Retired School Officials Back At Work, Determined To Get CV Bond Approved

Three retired administrators from the Central Valley School District, plus a veteran volunteer, are leading the campaign to pass a $23 million bond issue on Feb. 6.

The campaign is called Kids First. The three retirees, Chuck Hafner, Bob Jayne and John Frucci, have a combined 95 years as educational leaders in the Valley. Gus Schmauch taught for 10 years and has volunteered for many more.

The four are settling into 12-hour days, stringing together umpty-two meetings with innumerable cups of bad coffee. They have a message for the CV community:

“We didn’t come out of retirement to have this not be a success,” Hafner said.

That sums up his approach to the Feb. 6 bond issue request. He’s chairman of the team.

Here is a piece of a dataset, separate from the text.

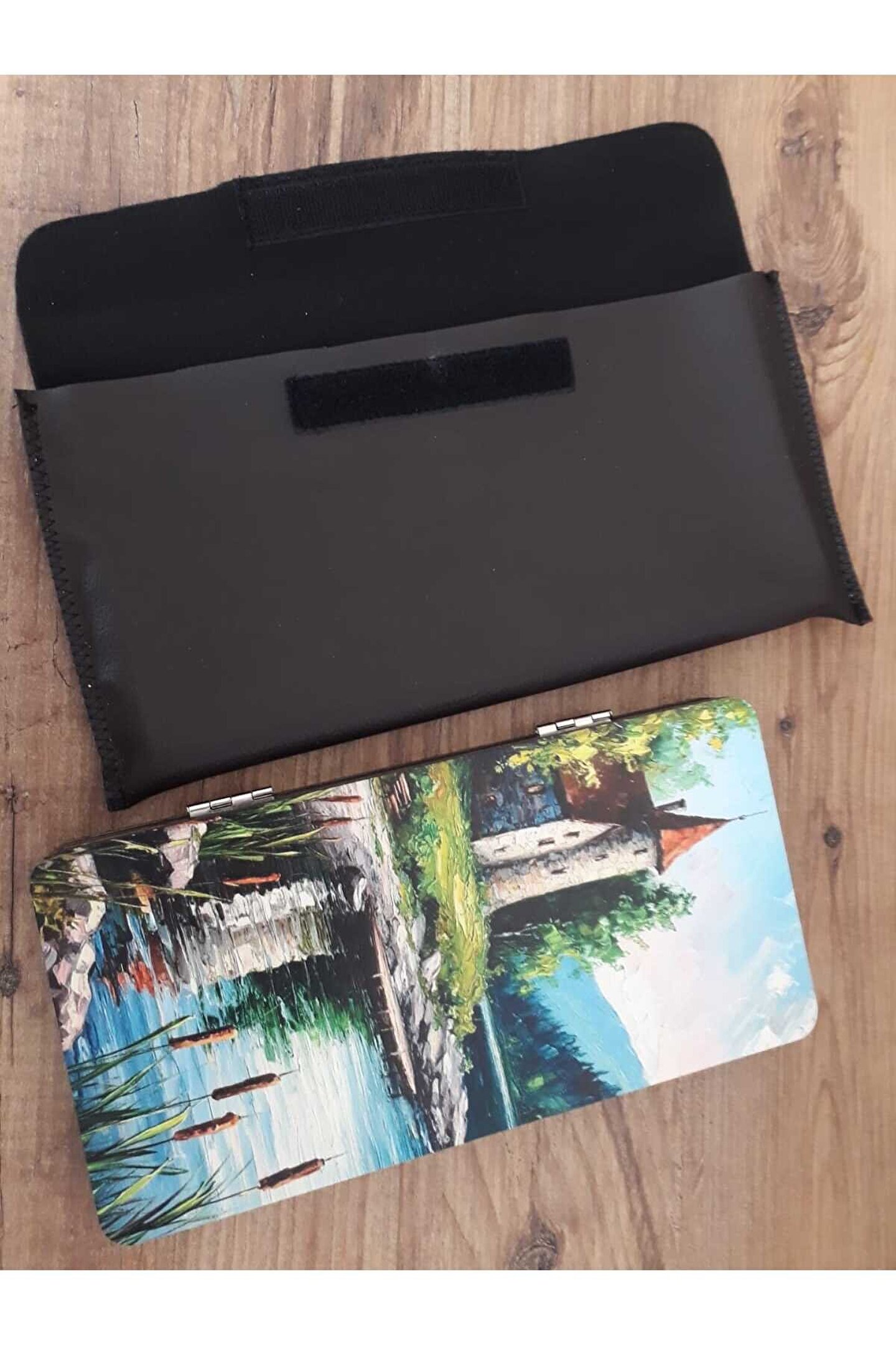 Mini Tavla Seyahat Tavla Cep Tavla 24x24 Özel Deri Kılıflı-MANZARA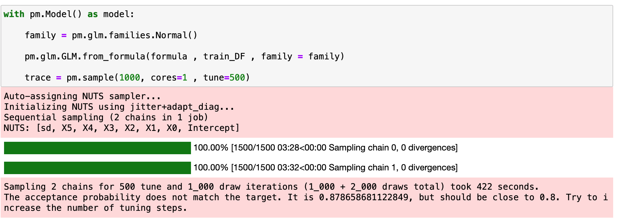 여기서 사후 확률 분포를 바로 얻을 수 없어서 여러 샘플을 얻어서 사후 확률 분포를 구하는데 이를 pm.sample 함수를 이용해서 실행합니다.

Past bond issue campaigns in CV have been supported by parents and business groups. This is the first time the district has turned to such a wealth of educational experience.

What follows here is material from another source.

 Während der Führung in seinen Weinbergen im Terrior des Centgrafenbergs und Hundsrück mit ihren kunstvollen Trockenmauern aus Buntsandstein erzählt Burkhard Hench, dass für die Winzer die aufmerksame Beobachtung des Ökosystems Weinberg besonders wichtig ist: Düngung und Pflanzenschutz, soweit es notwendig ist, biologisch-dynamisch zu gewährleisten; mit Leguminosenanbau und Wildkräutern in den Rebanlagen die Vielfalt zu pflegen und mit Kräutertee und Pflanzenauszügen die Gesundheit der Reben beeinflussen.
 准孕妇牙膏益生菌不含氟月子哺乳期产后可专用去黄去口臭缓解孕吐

The four intend to send the whole community the same message: Strong schools mean strong businesses mean strong community.

After last year’s bond defeat, Schmauch said, she met with opponents of the bond request from U-Hi. She learned they didn’t have a lot of the information about the bond proposal. “It was scary to find that out after the fact,” she said.

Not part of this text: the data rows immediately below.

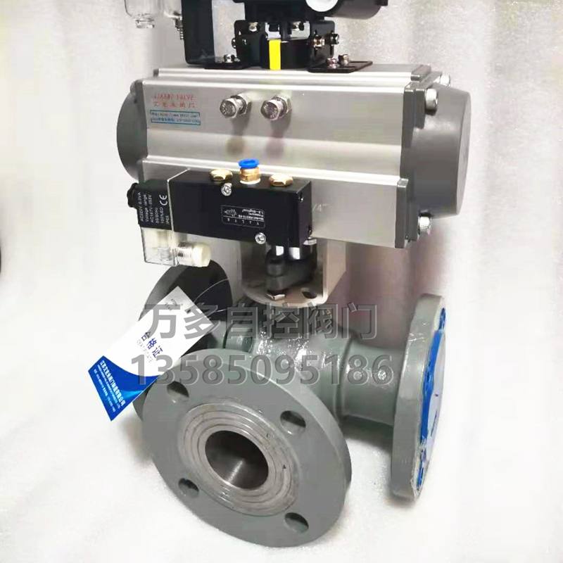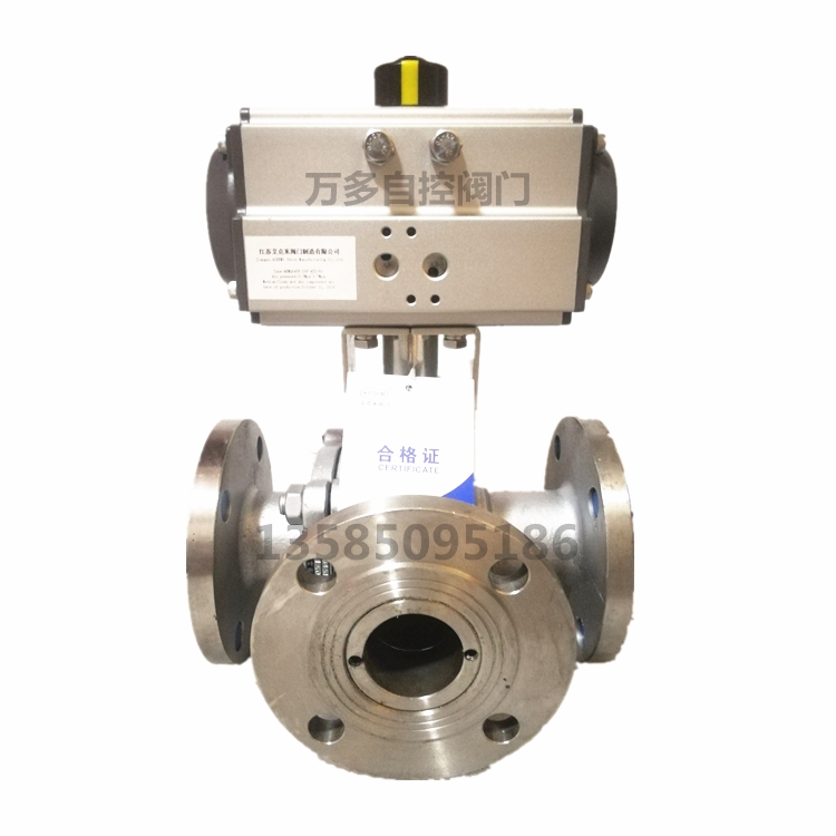 Pneumatic three-way flange ball valve Q644F 5F-16C cast steel 25P stainless steel 304 DN3240506580100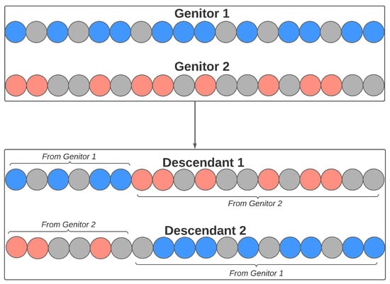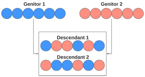 In the Crossover stage, genes are modified following the concept of heredity, where the genetic load of the new individual is formed from their parents’ genes. In the approach proposed in this work, each descendant receives, at random, genes from both parents. The genetic load is configured to be balanced, receiving the same number of genes from each parent in case of even numbers of them—or almost a similar number of parameters in case of odd numbers of elements. Figure 7 illustrates the crossover process for the genetic algorithm used for the model selection. The number of individuals generated by crossover, in each generation, can be configured by the user.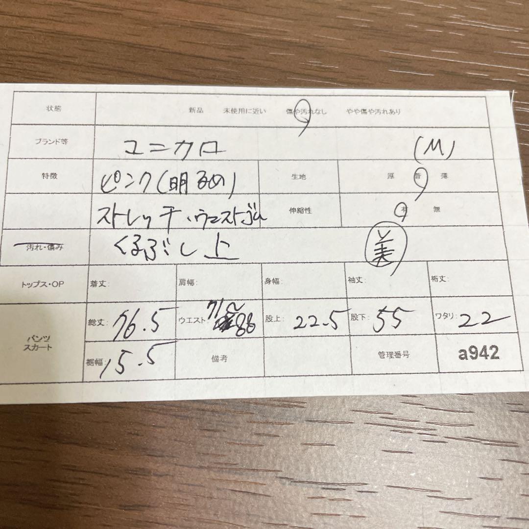 【ユニクロ】UNIQLO カラーパンツ【M】ストレートズボン ウエスト調整可能 37C247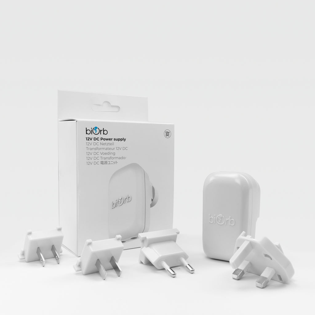 The Transformer has 2 sockets to plug your biOrb air pump and LED lights into. 3 different plug adaptors are provided allowing for use around the world.

Their solution? To form 30 committees, covering areas from finance to thank-you notes. To coax donations - their office, their copier and their telephone, so far. And to eyeball every detail, be it the wording of a letter to business people, or brainstorming ways to reach parents who are pre-occupied with Christmas.

Hafner, Jayne and Frucci figure they have provided the leadership to get seven or eight day-to-day operations levies and bond issue requests passed.

“We never did have a defeat in that leadership. And we’re not going to have a defeat now,” Jayne said.